My third grader, on the other hand, has entered his peak year for egg hunting. See, he falls into a demographic among the neighborhood kids where he, for a long time, was the only one in his specific age group. Everyone was either older or younger than him, leaving him as the perpetual little brother who is good with babies. It works pretty well for him, getting to tag along with the older kids or get spoiled with the smaller kids. He walks the line well and exists comfortably in limbo. That is, until it’s time for the annual Easter Egg Hunt. 

For years, he wasn’t quick or agile enough to get the eggs before the big kids and he wasn’t mean enough to pick up the eggs clearly meant for the babies, a kindness the big kids would never extend to him. So there he was every Easter, standing alone with an empty basket in the vortex of the swirling tornado of happy children, frustrated and kicking the ground. 

He would leave the Easter Egg hunts angry at the world, a full-on nihilist and a pessimist about the meaning of his own place in this world. He declared egg hunts “dumb” and said they “don’t make sense” due to rabbits not laying eggs, much less weird eggs clearly drawn on by children.
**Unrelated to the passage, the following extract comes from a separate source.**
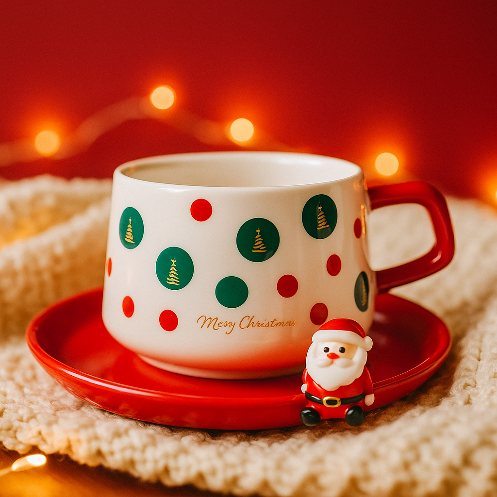 Incluye su propio platito rojo brillante y una cucharita metálica con detalle decorativo de Santa.

Every year he said he wasn’t going to participate again and one year he actually followed through on that, watching from the sidelines with a scowl and a Capri Sun.

This year, though; the Golden Egg. He knew going into this hunt that a couple of the older kids had tapped out due to maturity and that he had a fighting chance. He wore a tank top for extra mobility and made sure his WalMart bag had no holes through which any egg could fall. 

I could go into every quick move, every strategy I saw him implement, which at one point looked like a buddy system that I imagine is possibly erring on the side of cheating. But I’ll just say my child was determined; he had the facial expression of a hawk scanning the field. He sweated so much his hair became a spike and his broken thumb acquired in a recent weight-lifting incident began to swell. But, nonetheless, he persisted.

And he found one of the Golden Eggs. And the dollar inside? He gave it to his friend. Apparently, the internal glory was enough. Either that or it was the semi-illegal buddy-system pay-off for helping him find a basket full of eggs. 

I hope everyone had a wonderful Easter holiday and that, in y’all’s own way, whether by egg hunt or otherwise, your own personal figurative yard sign turned around.